Subject: Re: [boost] [Tokenmap] A (perfect) hash container library chcked-in to sandbox (RFC)
From: Daniel Trebbien (dtrebbien_at_[hidden])
Date: 2010-02-21 21:05:57


I think that there is a problem with the `find` and `pop` members of
`tokenmap`: in `find_free_slot`, which is used by the `insert` member,
you apply collision resolution to find an unused element of `store_` where
the new element can be inserted, but the `find` and `pop` members do not
employ a loop when looking up the given key (to account for the
possibility that they key resulted in a collision when it was inserted).
It could be, for example, that the element of the given key was placed at
`ix + 3` by `find_free_slot`, in which case `find` and `pop` would fail to
find the element.

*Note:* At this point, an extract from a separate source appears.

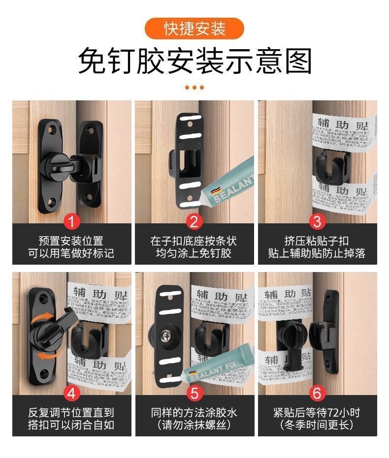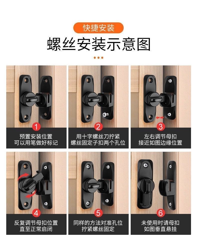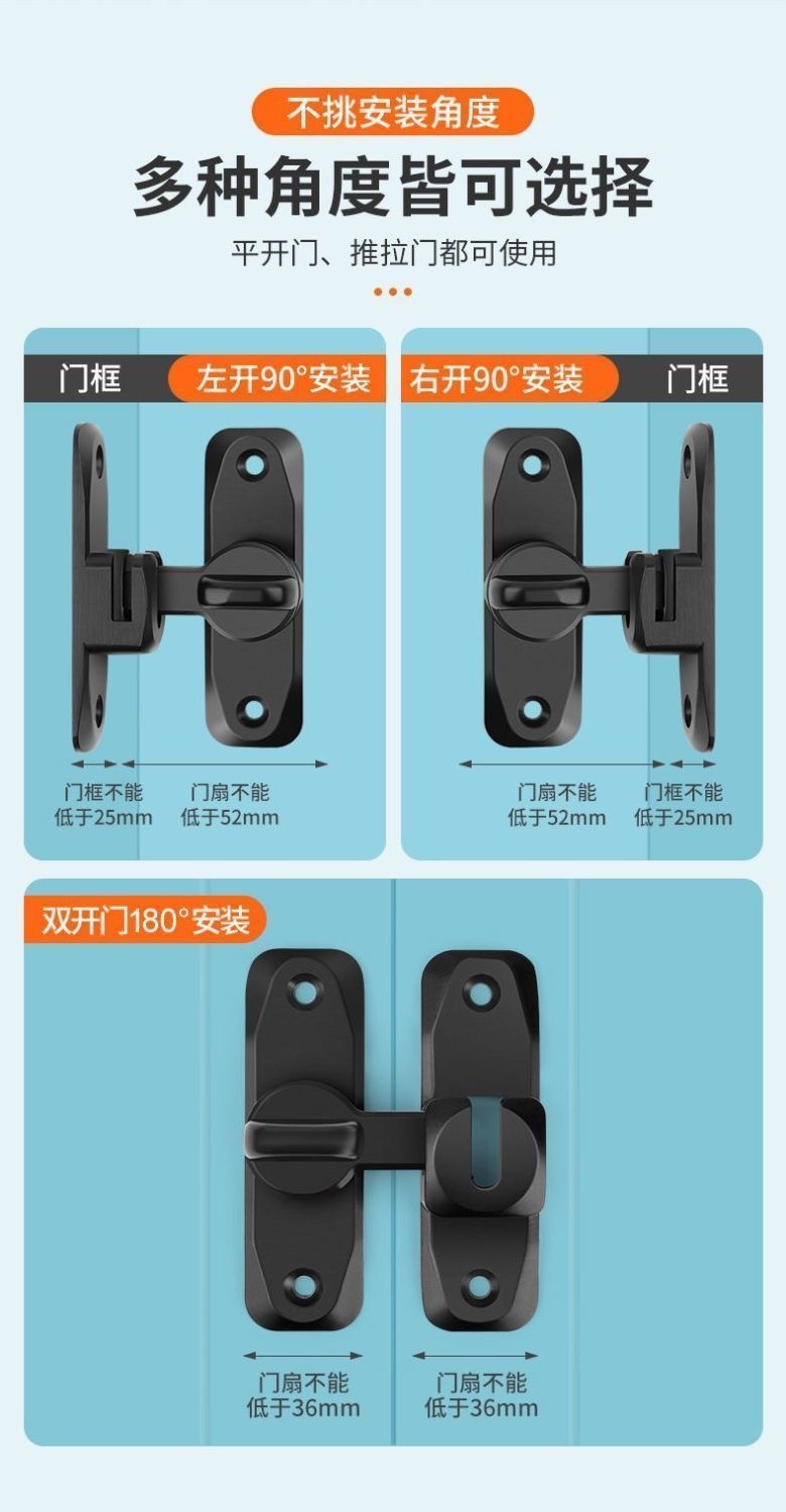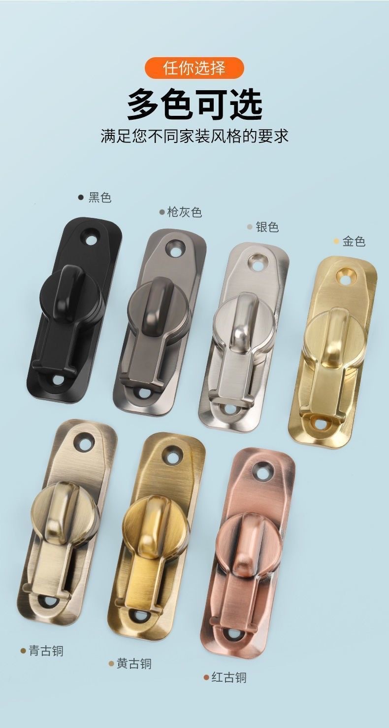 アルミ合金製ソリッドドアロック 家庭用90度180度盗難防止バックル 浴室用穴あけ不要プラグロック 厚型ロック
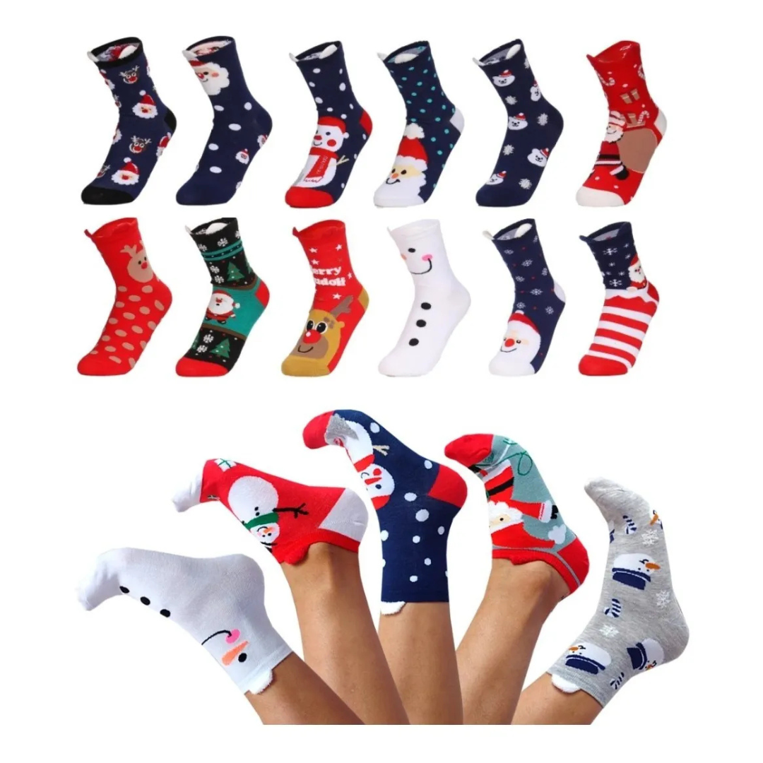 Este set de 12 pares de calcetas navideñas para mujer está elaborado en algodón suave y presenta diseños con personajes navideños y orejitas, combinando estilos cortos, largos y mixtos. Perfectas para brindar calidez y un toque festivo durante la temporada, ofrecen comodidad y variedad para diferentes preferencias y ocasiones.

Also, there are some improvements that can be made:
supporting an allocator type and getting rid of the floating-point
arithmetic around where you check whether a doubling of the capacity can
succeed (lines 175-176; you can use the `max_size` member of `std::vector`
and halve the result, rather than double `store_.capacity()`).

By the way, you might be interested in taking a look at the JDK
implementation of Java's `java.util.HashMap` class because the bucketing
strategy, and the use of an underlying array for storage, is very similar.